Liz Wojnar: What are you currently reading?

Susanne Fusso: I’m thinking of doing a new course on the Central and East European murder mystery, so I’ve been reading the Czech writer Karel Capek’s collection of stories, “Tales from Two Pockets”.

LW: Have you read it before?

SF: I read some of the stories when I was studying Czech in graduate school, but now I’m reading them in English translation.

LW: What is it about?

SF: It’s a collection of short stories that use the mystery or detective form to ask fascinating questions about how we know and how we judge. Like other East European writers like Skvorecky, Gombrowicz, and Kadare (and like all the truly great mystery writers), Capek uses the genre of the mystery to help us think about deeper issues. In one story, “Footprints,” the mystery is the appearance of footprints in deep snow on a city street, with no indication of where the person who made them came from or ended up. This mystery obsesses and torments the man who discovers it, but is of no interest to the police captain he consults, who acknowledges the inexplicable nature of the phenomenon but has no desire to investigate it further.

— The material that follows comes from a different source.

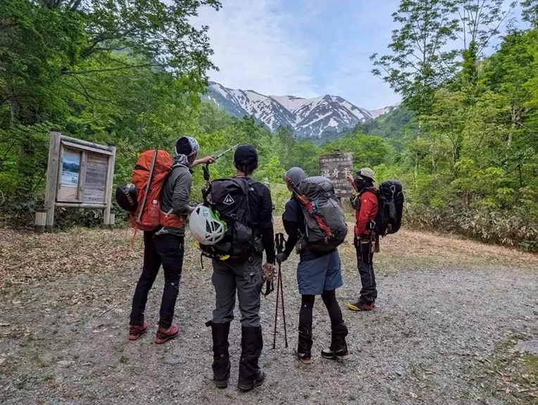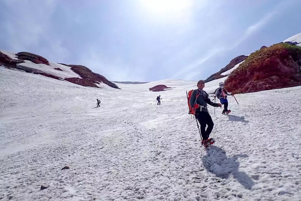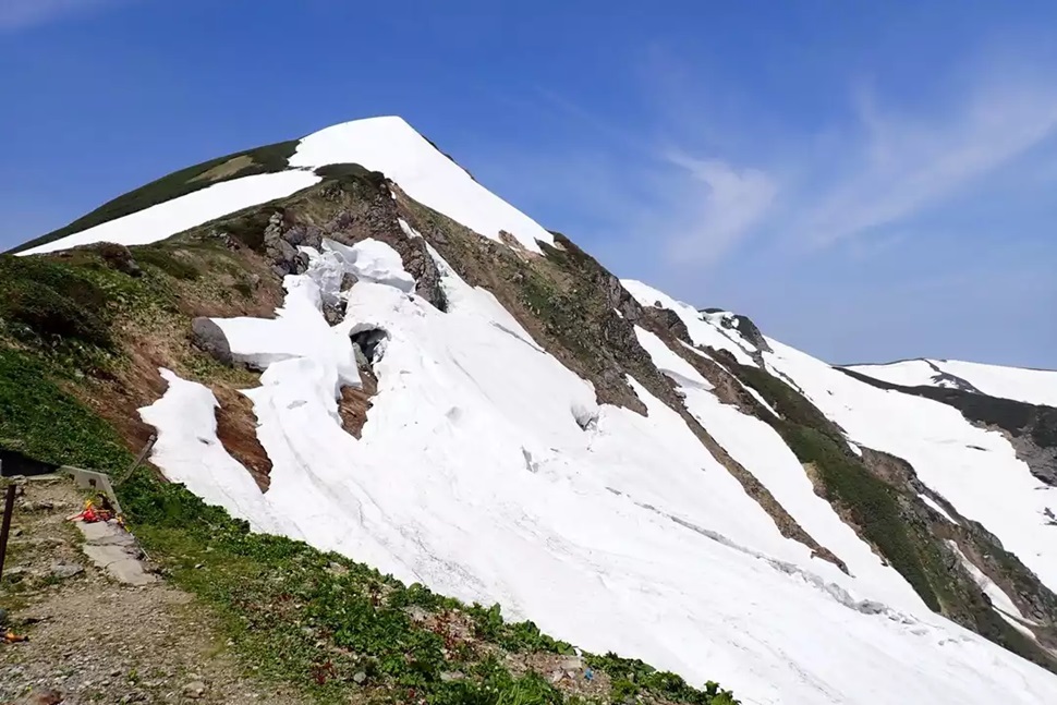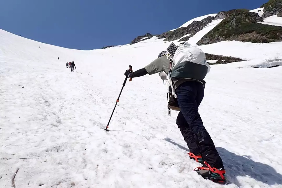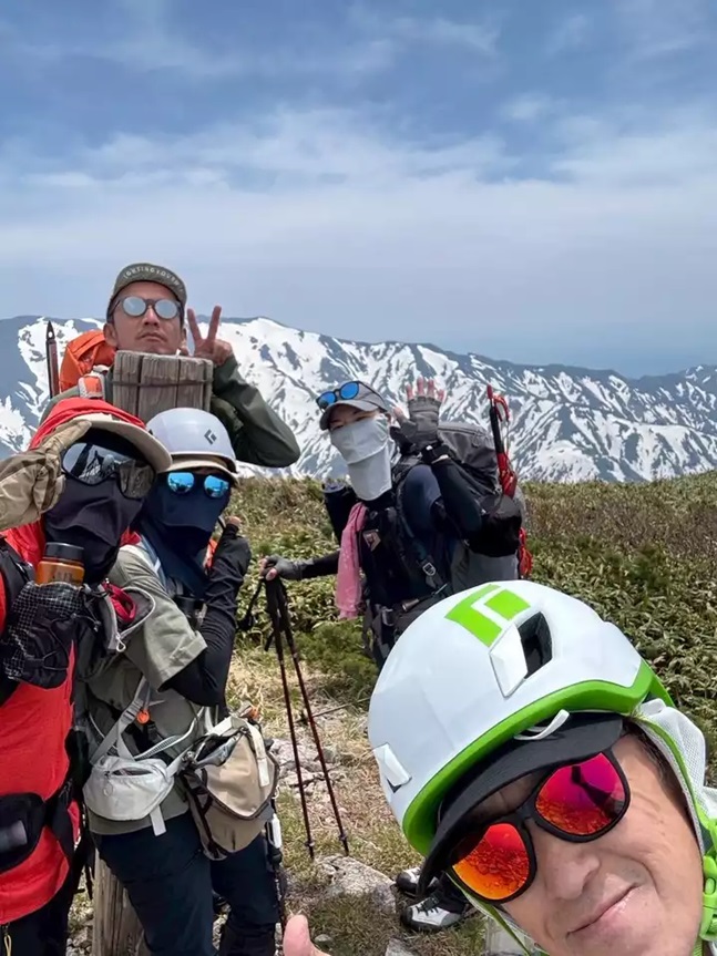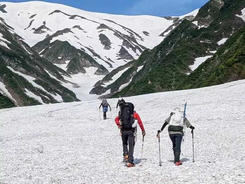 (久保田)この時期に石転び雪渓を登るのは、実に6年ぶりだった。ハクサンイチゲの盛りにあたり、頼母木方面と最後まで迷ったが、梅雨入り前の貴重な晴天。これはもう、大雪渓を行くしかない——そう決めて、石転び沢へ向かった!夏道はガレていたけど、その先に広がる雪渓に足を踏み入れた瞬間、景色は一変した。涼やかな風が、暑さを和らげ、虫を遠ざけてくれた。 見上げれば、白銀の雪面に新緑の山並み、そして澄み渡る青空。これ以上はないと思えるほどの一日だった。登るにつれて、雪渓は傾斜を増していく。だが、目の前に広がる圧巻の景観に心は踊り、なぜか疲れを感じない。どの一瞬を切り取っても、絵になる景色ばかりだった。梅花皮小屋で昼をとり、北俣岳を経由して門内小屋へ。そこから門内沢を下っていく。下りも決して楽ではなかったが、仲間と声を掛け合いながら進む時間が、何よりも心強かった。タフな仲間たちを待たせてしまう場面もあったが、そのたびにかけてもらった言葉が背中を押してくれた。最初から最後まで、歩いて、しゃべって、笑い合った。そんな時間が、何よりの宝だと思った。この最高の一日に、そして共に登ってくれた仲間たちに、心から感謝したい。

LW: Would you recommend “Tales from Two Pockets” to students?

SF: Absolutely. I would recommend them to anyone, since they are beautifully written and addictively readable. In general Capek is a neglected writer.

LW: Is it related to your research or scholarly work?

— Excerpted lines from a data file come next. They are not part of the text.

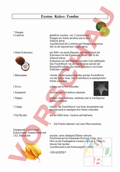 Exoten- Kokos- Fondue 7 Orangen 4 Limetten gründlich waschen, von 2 Limetten und 2 Orangen die Schale abreiben und in eine Schüssel geben. Anschliessend alle Limetten und Orangen auspressen. Saft zu der abgeriebener Schale geben. 1 kleine Kokosnuss mit Hilfe von einem Hammer und einem Nagel die Kokosnuss bei den Keimaugen öffnen. Saft in die Schüssel sieben. Kokusnuss mit dem Hammer auf jeder Seite aufklopfen. Das Fruchtfleisch von der Schale lösen und mit der Bicherraffel raffeln. Die feinen Raspeln in vier kleine Schälchen verteilen. 1 Babyananas vierteln, Strunk herausschneiden und das Fruchtfleisch von der Schale lösen. Das Fruchtfleisch in mundgerechte Stücke schneiden. 2 Kiwis schälen und in 8tel schneiden 1 Karambole waschen und in Scheiben schneiden 1 Papaya schälen, längs halbieren, entkernen und in würfelgrosse Stücke schneiden 1 Mango schälen, das Fruchtfleisch vom Stein abschneiden und anschliessend in mundgerechte Stücke schneiden. 150g Physalis aus der Hülle lösen, waschen und halbieren. • Orangensaft, Limettensaft Kokoswasser, Schalenstücke und 2 KL Palmzucker Alle Früchte dekorativ auf einer Platte anrichten. mischen, unter ständigem Rühren erhitzen. Früchtesud auf ein brennendes Rechaud stellen, dass Obst an die Fonduegabeln stecken und etwa 1-2 Min im heissen Sud tauchen. Anschliessend in den Kokosraspeln wenden. EN GUETE!*
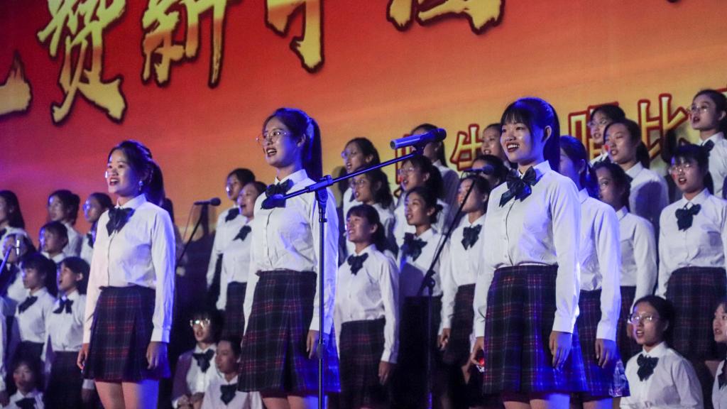 “今天是你的生日,我的中国”,比赛演出在全场深情的咏唱中正式拉开帷幕。随后,经典的旋律、嘹亮的歌声、激昂的节奏,交替响彻美丽曲园。《我和我的祖国》《爱我中华》《歌唱祖国》《天耀中华》,一段段动人赞歌,代表着向伟大祖国的深情告白;《保卫黄河》《映山红》《飞跃大渡河》《四渡赤水出奇兵》,一首首红色歌曲,唤起着人们的红色记忆、红色初心;《不忘初心》《走向复兴》《共筑中国梦》《我们都是追梦人》,一支支美好旋律,表达出曲园人奋进新时代的担当与壮志。
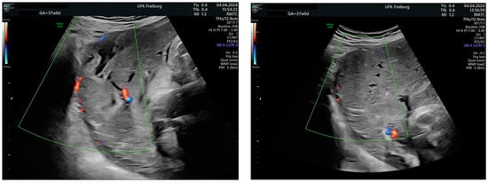 Based on these findings, we planned an elective cesarean section at 35 weeks of gestation, combined with a hysterectomy due to the confirmed placenta increta and the high risk of significant bleeding. These findings were confirmed during the laparotomy.
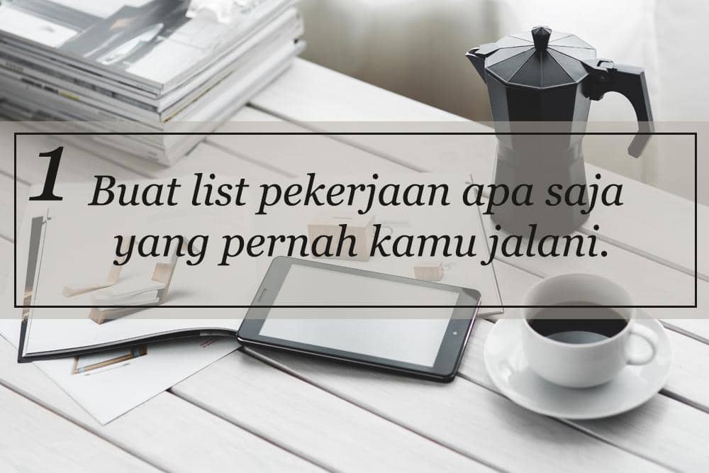 Bagian ini sebetulnya dikhususkan untuk kamu yang telah memiliki banyak pengalaman kerja atau sering berpindah dari satu perusahaan ke perusahaan lainnya. Jika kamu sudah membuat list, beri tanda bintang untuk jenis pekerjaan yang sangat kamu senangi. Sisanya, buat urutan pekerjaan mana yang masih membuatmu tertarik hingga yang tak kamu sukai. Jika kamu sudah membuat urutan, buat penjelasan dan alasan satu persatu kenapa kamu menyukai atau tidak menyukai perjaan A dan B.
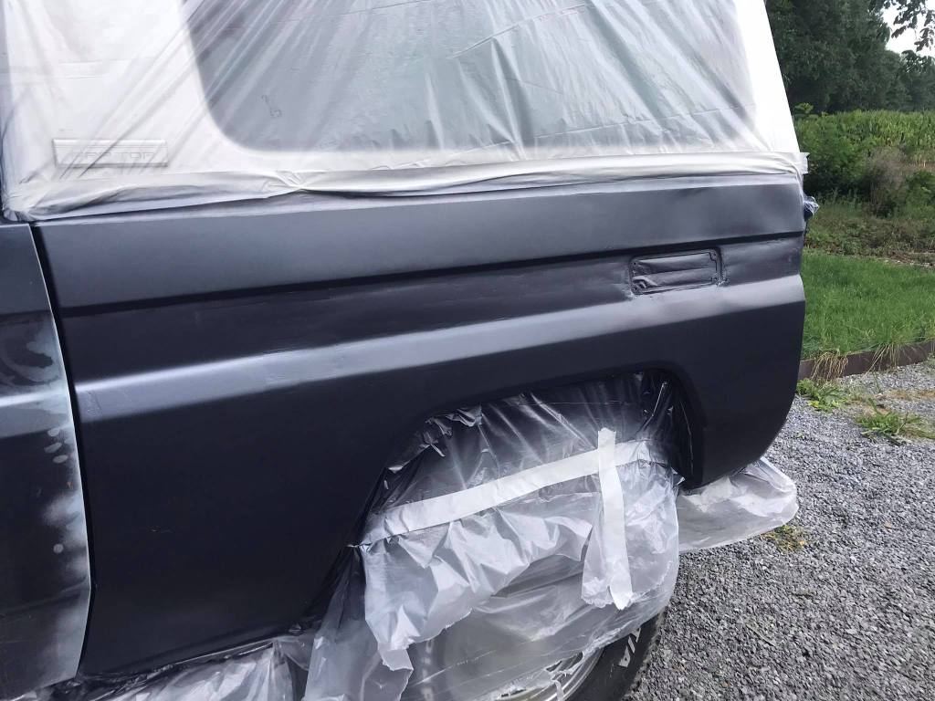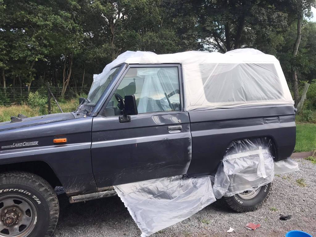 Het leukste werk van spuitwerk is natuurlijk het afplakwerk.. Zo’n tijdrovend werkje, maar het moet zeker gebeuren. Toen de jeep in de plastiek was gewikkeld konden we beginnen met het spuitwerk. Zet zeker een masker op tijdens deze klus, want dit is extreem slecht voor je longen!

SF: The great thing about being a scholar of literature is that everything you read has something to do with your work. Well-written mysteries raise all the most important problems of narrative.

LW: Are European mysteries different in style from American mysteries? Are they more literary?
SF: The Central and Eastern European writers I mentioned are well-known novelists who have used the mystery genre for one or more novels—they are not as analogous to Agatha Christie as to someone like Paul Auster, who is a literary writer who uses mystery conventions for deeper purposes. But there are American and English mystery writers whose novels can sometimes be read in the same way, like Ruth Rendell or P. D. James in their best work.

LW: What do you usually read, for work or for pleasure?

SF: Since I teach nineteenth and twentieth-century Russian literature, I spend a lot of time reading and re-reading the great novels of Dostoevsky, Gogol, and Tolstoy. For pleasure I like almost any kind of fiction, but in particular I reread Jane Austen constantly. Any student who wants to improve his or her writing should read Jane Austen’s novels and study her sentence construction and the precision of her choice of words.

LW: What languages do you speak? Do you usually read books in translation or the original?

SF: Russian is the only language I speak fluently other than English. I can read Czech and French. For my scholarly and teaching work most of my reading is in Russian; when reading for pleasure I’d say I read 90 percent in English, the rest in Russian.

LW: Are there any less well-known Russian or other European writers that are overlooked by American audiences that you would recommend? What are some of your favorite authors that you would recommend?

SF: For Russian, Mikhail Bulgakov, especially “Master and Margarita”; Vladimir Trubetskoi, whose life spanned the late Tsarist period and the early Soviet period and who is almost completely unknown both here and in Russia, but whose wonderful stories, letters, and memoirs I translated for Northwestern University Press; and Daniil Kharms, whose writings, from the mid-20th century, are available in a collection called “Today I Wrote Nothing”.

I’m planning to translate a memoir “Trepanation of the Skull” and a novel, “Indecipherable,” by one of the best living Russian poets, Sergey Gandlevsky, so when those come out I’ll recommend them too. For Czech, everybody should read Bohumil Hrabal, especially “I Served the King of England and Closely Watched Trains.” I suppose my favorite non-Russian writer of all after Jane Austen is Charlotte Bronte, especially “Villette”.